Spread it over enough people and it's the same energy. For one person it's a much shorter charge. Over a population with random charging times it's the same consumption off the grid. The problem then becomes a distribution issue, not a production issue.
Likely these kind of chargers will be expensive and at supercharge stations. Homes will use lower over longer.periods as it's rare you want to pop home for 10 minutes needing a full charge.
This is a big step forward, no matter how you look at it.
It might be also useful for excess storage when we have wind and solar energy that the grid doesnt need. Being able to do so rapidly will mean a smaller array of batteries required for grod storage.
I'm not sure people are going to be interested in paying for megawatt-capable chargers, anyway. There's a couple of sites near me that have old 50 kW chargers and new 250 kW chargers, and have higher prices on the 250s. I expect that sort of thing to continue - providers are going to want to cover their costs and higher powered chargers are more expensive to buy and operate.
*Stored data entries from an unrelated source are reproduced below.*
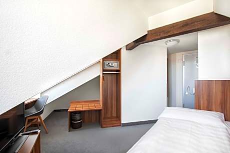 This modern room comes with free WiFi, a work desk, cable TV with more than 100 channels, a private bathroom and a single bed with a Robusta Swiss Flex mattress.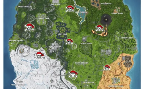Básicamente deberás acercarte a un campamento pirata en 10 partidas para completar el desafío. Los campamentos piratas se encuentran en las siguientes ubicaciones dentro de la isla de Fortnite: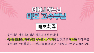 그리고 어머님 하느님 수부님을 태모太母님이라고 부릅니다. 수부님은 상제님과 같은 위격에 계신 하느님으로 억조창생과 천지신명의 생명의 큰 어머니란 뜻으로 클 태太 자를 붙여서 태모님이라고 부릅니다. 그리고 수부님의 존성이 고高씨여서 ‘태모 고 수부님(太母高首婦님)’ 이렇게 존칭하여 모시고 있습니다.
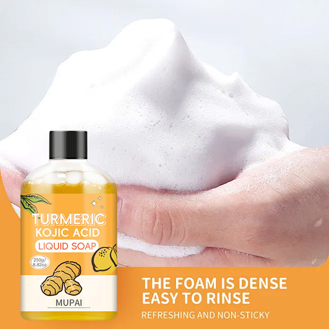 Reveal clearer, brighter, and healthier-looking skin with Turmeric Kojic Acid Liquid Soap. This refreshing and non-sticky cleansing formula creates a dense, creamy foam that deeply cleanses pores, removes impurities, and rinses off easily without leaving residue.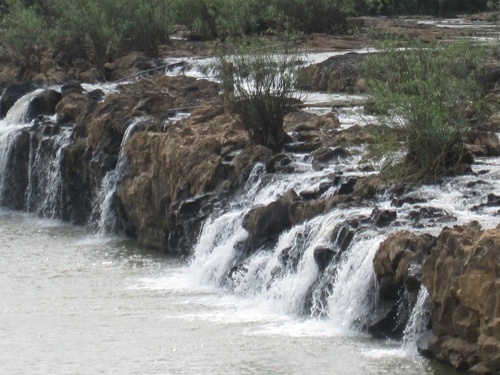 Thác Mai không có những dòng chảy ào ạt từ trên cao mà uốn lượn mềm mại qua những vách đá thấp. Ảnh: Ttxtdulichdongnai.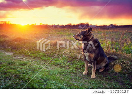 Dog gazing sunset in countryside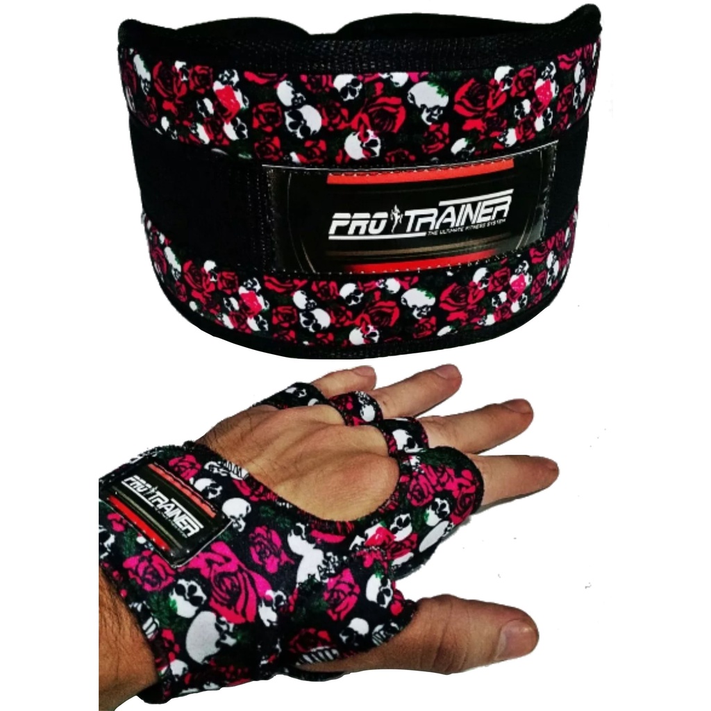 Kit Cinturão + Luva com polegar Treino Funcional Proteção Lombar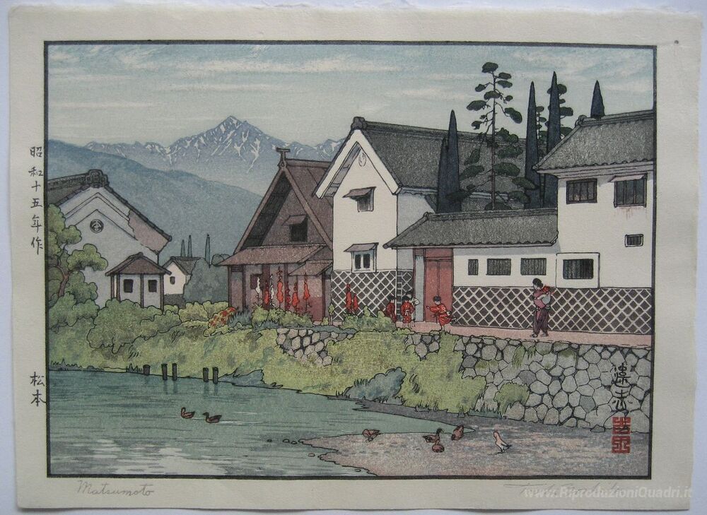 Ti offriamo una riproduzione artigianale su tela dell'opera famosa 'Matsumoto' di Toshi Yoshida, dal Museo delle Riproduzioni.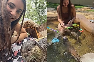 “Tinha três lontrinhas e eles deram bastante brinquedos pra gente, pedrinhas de gelo, várias coisas que elas estavam amando brincar. E é sério, gente, era a coisa mais engraçada do mundo”, explicou.

I'm getting close to 8m/kwh on the high-end. Realistically, I'm ranging between 3.6 to 5 m/kwh. But when I drove for Uber, I did 200 miles using only 34.1 kwh, I drove slow, and it was mostly city driving. So I could only need 137 kwh for 800 miles. Still prohibitively unrealistic to charge in 10 minutes. It's about 1.4 MWatts to charge from empty for 10 minutes.
the charge power needed for the 200KWH is not 1.2 MWatts for 10 minutes, it's 2MWatts. Mostly because you can only charge fast at lower percentage.
That would be impractical even for fleet vehicles.
Unless they're also going to announce the development of nuclear fusion in order to provide the necessary cheap energy, then I don't think this is going anywhere.
If the discharge rate can be equally speedy, it just means any "gas pump" will include the same battery tech, load itself slowly, then unload into the car quickly. Neat way to solve the "renewables are intermittent" problem.